17.3 Why might some models outperform?

Many of the decision making problems that we discussed in the first module are eliminated by the use of models. By creating a formalised structure concerning what information is used and how it is incorporated, the heuristics that can lead to human error are removed as factors. Models confidence intervals can be calculated and calibrated.

I will now illustrate this as it relates to the problem of noise that I discussed in Chapter 16.

17.3.1 Noise

One of the major reasons that models can outperform is the noise in human decision making. Model, in contrast to humans, are typically consistent, returning the same decision each time.
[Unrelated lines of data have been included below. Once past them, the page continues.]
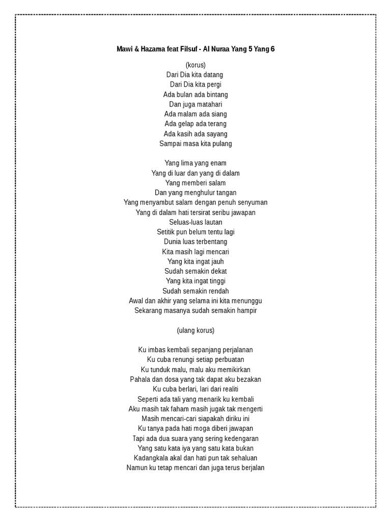 Menyarankan kita agar memilih calon isteri yang datang daripada keturunan yang baik. Salam takziah buat seisi keluarga dato wira hj tobrani, al fatihah. Dia datang untuk menyatakan bapa. Ada malam ada siang ada gelap ada terang ada kasih ada sayang sampai masa kita pulang. Dari dia kita datang, dan kepadanya jua kita kembali. Jika dia bukan jodohku, maka jauhkanlah dia dari pikiranku dan dekatkanlah orang yang memang benar jodohku. Dari mana kita datang,dari situlah kita pergi. Dari dia kita datang dari dia kita pergi ada bulan ada bintang dan juga matahari ada malam ada siang ada gelap ada terang ada kasih ada sayang sampai masa kita pulang yang lima yang enam yang di luar dan yang di dalam yang memberi salam dan yang menghulur tangan yang menyambut. C b e berkasih sayanglah sesama insan. Berdasarkan ibrani 11, daud menjadi salah satu dari sekian banyak tidak cukup hanya mengetahui kisahnya, kita juga perlu tahu karakter dan keteladanan daud. Dan juga matahari ada malam ada siang ada gelap ada terang ada kasih ada sayang sampai masa kita pulang yang lima yang enam yang di luar dan yang di dalam yang memberi salam dan yang menghulur tangan yang menyambut. Kesimpulan yang diperoleh dari seluruh tafsiran ini, ialah: Apa yang kita ketahui… dan tidak kita ketahui.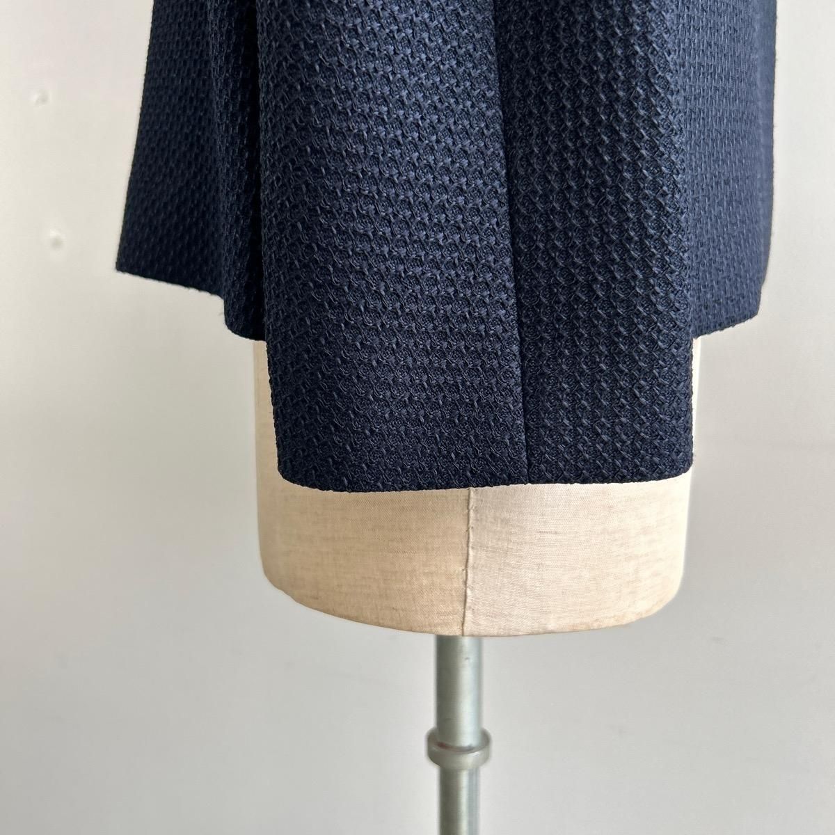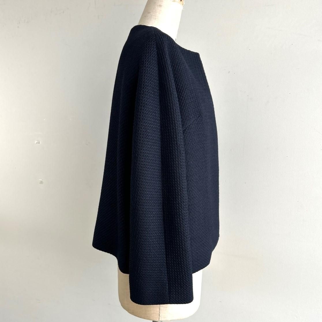 人気ジャケットと同型で素材違いのジャケット。生地はライトツイード 立体感のある美しい織目の生地です。展開はネイビー1色のみ少し濃いめのネイビーです。オケージョン使いの時はブラックのボトムとのコーディネートをオススメします。落ち着いた印象になります。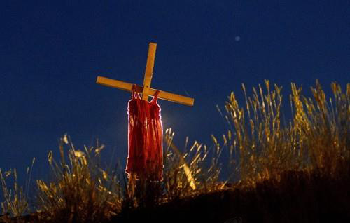 캠루프스 기숙학교 인근 고속도로 인근에 세워진 십자가와 어린이 드레스 [AFP=연합뉴스]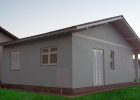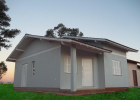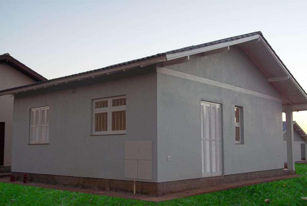 Casa de alvenaria com 59,82 m², telha cerâmica e manta térmica, madeiramento a vista, forro de PVC, aberturas em eucalipto, piso porcelanato, com roda pé de madeira. Elétrica, hidráulica e rede de esgoto com fossa, filtro. Pintura geral e vidro. Com sala e cozinha, dois quartos, banheiro e lavanderia externa. Casa pronta e entregue.

An interesting implication of this difference in consistency is that models designed to predict the decisions of human decision makers typically outperform the decision makers whose decisions are used to develop the model (for example, Goldberg (1970)). When developing a predictive model, you normally develop it using the outcome of interest. For example, if seeking to predict whether a loan applicant will default on a loan, develop a model using long-term borrower outcomes and their characteristics. In a technique called bootstrapping (not to be confused with the statistical term bootstrapping), you don’t use the loan outcomes to develop the model, but rather historic predictions by loan assessors of whether a borrower will default. This use of predicted rather than actual default means that there will be errors in the data on which you are building your model. Despite this, bootstrapping can be effective, largely due to the removal of noise. For example, in one study, models developed from decisions of clinical psychologists tended to outperform most of those same psychologists in differentiating psychotic from neurotic patients.